The film has music and background composed by Yuvan Shankar Raja. The first single "Awsum Kissa" released on 11 February 2025. The second single "Kadhavai Thirandhaye" released on 24 February 2025.

Track listing
| No. | Title | Lyrics | Singer(s) | Length |
|---|---|---|---|---|
| 1. | "Paint Ball" | MC Sanna | MC Sanna |  |
| 2. | "Amma Song" | Rio Raj | Yuvan Shankar Raja, Sai Vignesh |  |
| 3. | "Kadhavai Thirandhaye" | Madhan Karky | Yuvan Shankar Raja, Sinduri Vishal |  |
| 4. | "Awsum Kissa" | Kelithee, Gana Francis | Yuvan Shankar Raja, OfRo |  |
| 5. | "Oruthi" | Vignesh Ramakrishna | Yuvan Shankar Raja, Adithya RK |  |
| 6. | "Kadhal Adhu Poi" | Arivu | Yuvan Shankar Raja |  |
| 7. | "Torture Pro Max" | Arivu | Yuvan Shankar Raja, Arivu, Tanvi Shah |  |
| 8. | "I'll Be There For You" | Na. Muthukumar | Yuvan Shankar Raja |  |

== Release ==

=== Theatrical ===
Sweetheart! released in theatres on 14 March 2025. The film received a 'U/A' certificate from the Central Board of Film Certification.

=== Home media ===
Sweetheart! began streaming on JioHotstar from 11 April 2025.

== Reception ==
=== Critical response ===
Sweetheart! received mixed reviews from critics, who praised the lead cast's performance.
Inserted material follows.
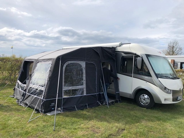 Comme la partie arrière de l’auvent ne comporte pas de tubes pneumatiques, vous pouvez également utiliser l’auvent camping-car lorsque vous avez une porte coulissante. Le Rally Air All-Season Drive-Away convient aux camping-cars d’une hauteur comprise entre 220 et 300 cm. Il s’adapte donc parfaitement, par exemple, au fourgon Fiat Ducato.
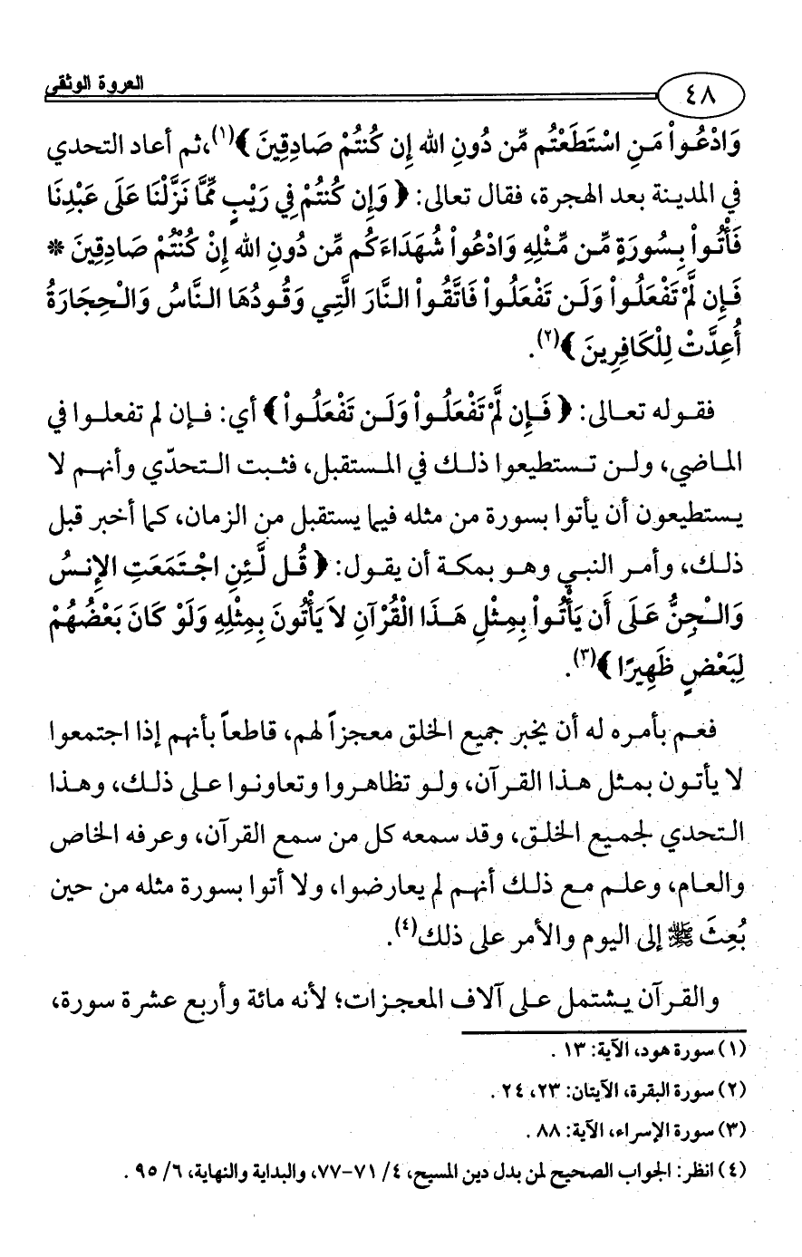 في المدينة بعد الهجرة، فقال تعالى: {وَإِن كُنتُمْ فِي رَيْبٍ مِّمَّا نَزَّلْنَا عَلَى عَبْدِنَا فَأْتُواْ بِسُورَةٍ مِّن مِّثْلِهِ وَادْعُواْ شُهَدَاءَكُم مِّن دُونِ الله إِنْ كُنْتُمْ صَادِقِينَ * فَإِن لَّمْ تَفْعَلُواْ وَلَن تَفْعَلُواْ فَاتَّقُواْ النَّارَ الَّتِي وَقُودُهَا النَّاسُ وَالْحِجَارَةُ أُعِدَّتْ لِلْكَافِرِينَ} (¬1).

Abhinav Subramanian of The Times of India gave 2/5 stars and wrote "Director Swineeth S. Kumar seems allergic to narrative economy, transforming what should be straightforward plot points into marathon sequences. [...] Sweetheart promises more than it delivers, like a beautifully wrapped gift box containing socks. A rom-com that forgot the com and misplaced the rom." Anusha Sundar of OTTPlay gave 2/5 stars and wrote "There is a visible attempt in Sweetheart to make it a film that works for today’s times and romance. It does want to be that progressive film about complicated romances where the lovers themselves form their obstacles. But when it comes down to the last-minute silliness as a solution to the chaos it created, Sweetheart becomes sour." Sreejith Mullappilly of Cinema Express gave 2/5 stars and wrote "Sweetheart! tries to make up for its flaws with a screenplay structure that reveals information intermittently—almost like a nonlinear structure. The narrative tries to make the film look smart and profound, but the deeper you look at it, the more hollow it appears."